In many of the fabulous homes covered in my Chai-Style Homes column, two names pop up: Yaacov Golan (unique lighting) and Israel Peljovich, the go-to guy for master-crafted woodwork, dining and kitchen tables, chairs, buffets, shelving, cabinets, built-ins, and vanities.

Peljovich, a spicy, gregarious grandfather, emigrated from Cuba in 1959 and made a circuitous path to Atlanta to put his stamp on well-healed homes and businesses. He and his business manager wife, Lidia, have an inspiring success story with Arts-N-Laminates.


Jaffe: How did you end up in Atlanta?

Israel: The short answer is I followed Lidia (also from Cuba), who eventually became my bride and is related to the Atlanta Kresses, Birnbrey and Saul families. The longer answer is, at 19, I was working for Fidel Castro designing roads and bridges. I donated my salary to his revolution. Then I opened my eyes and supported the counterrevolution (am still waiting).

I then left for a kibbutz for Latin Americans in the Negev for two years, then to Be’er Sheva, where I was a translator for Irish people in the yarn business. My parents, who were in the schmatta business in Cuba, followed me to Israel. I immigrated to New York in 1961. While there, I ran a fudge and taffy business both in the city and in Cape Cod. Soon after, we married and moved to Atlanta, where my hobby became a profession.

Lidia and Israel Peljovich’s recent projects include the restoration of 500-year-old synagogue doors from Spain.
Israel Peljovich.

 

Jaffe: How do you win the bids on so many Jewish homes’ decor?

Israel: A lot of positive word of mouth keeps us busy. I also have a tight relationship with quality home builders like Zvi Bekerman. We give a fair price, and people know that. By the way, we just did a 14-foot island for a local home.

 

Jaffe: Do you create for projects outside the residential realm?

Israel: We also do commercial jobs, like the Falcons’ on-air commentary desk, Turner’s pavilion at the Atlanta Olympics and even synagogues. Note these restored 500-year-old carved doors from Spain. We have done work for B’nai Torah, Or VeShalom and more recently Ahavath Achim’s meeting rooms. I also designed and crafted the interior of a church in St. Louis here and shipped it to Missouri.

 

Jaffe: What happens in your studio/workshop?

Israel: We are off Peachtree Industrial Boulevard inside 285. I have several master craftsmen, some of whom I trained, working on quality products.

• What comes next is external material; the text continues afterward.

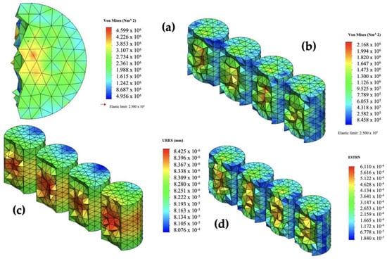 Each of the analyses shows the deformation represented in a color bar, in which the blue color results in a minimum effort, and the red color results in a maximum effort that occurs in the internal part at the time of a fall. Figure 12b shows the VON analysis that resulted in a minimum internal stress of 8.458 × 104 N/m2 and a maximum of 2.168 × 106 N/m2. Figure 12c shows the URES analysis, which resulted in a minimum of 8.076 × 10−1 mm and a maximum of 8.425 × 10−1 mm. Finally, Figure 12d shows the ESTRN analysis, which resulted in a minimum internal stress of 1.840 × 10−5 and a maximum of 6.110 × 10−4. Finally, according to these analyses, the greatest compaction of the four briquettes is found in the center. This result may be due to factors such as porosity effects not considered since the simulation considers a mainly linear elastic model. This analysis provides us with information to know the impact that the briquettes may have with a fall, especially in the transport stage, once these briquettes begin to be marketed.

We order the raw wood which you see here in oak, maple, zebra, poplar, purple and walnut, and it ends up smooth as glass.

 

Jaffe: Do you ever return to Cuba?

Lidia: We have been several times, but I no longer identify with them. We eat Cuban food, dance the dances and play dominos. It stops there. I am thankful we made it here as true Americans.

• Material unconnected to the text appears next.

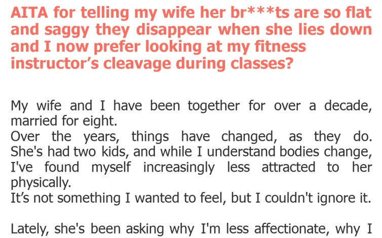 "AITA for telling my wife her br***ts are so flat and saggy they disappear when she lies down and I now prefer looking at my fitness instructor’s cleavage during classes?"

Israel: Today, I don’t see that opening trade with Cuba will give much help to the average Cuban. The government takes 51 percent off the top from one’s business. I know someone who owns a jewelry store there. Whatever he sells, more than half the profit goes straight to the government.

Lidia and Israel Peljovich’s recent projects include the restoration of 500-year-old synagogue doors from Spain.
Lidia and Israel Peljovich’s recent projects include the restoration of 500-year-old synagogue doors from Spain.

 

Jaffe: What do you do for leisure?

Israel: I treat myself by driving an original steel 1929 Model A Ford, which has been completely restored.

Lidia: We have wonderful children and grandchildren. Interestingly, my sons are both engineers. One designs airports and is based in Baltimore, Md. The other owns a commercial general contracting company.

 

Jaffe: So, Lidia, what’s your role here?

Lidia: I’m the business manager. But more importantly, I keep him in line.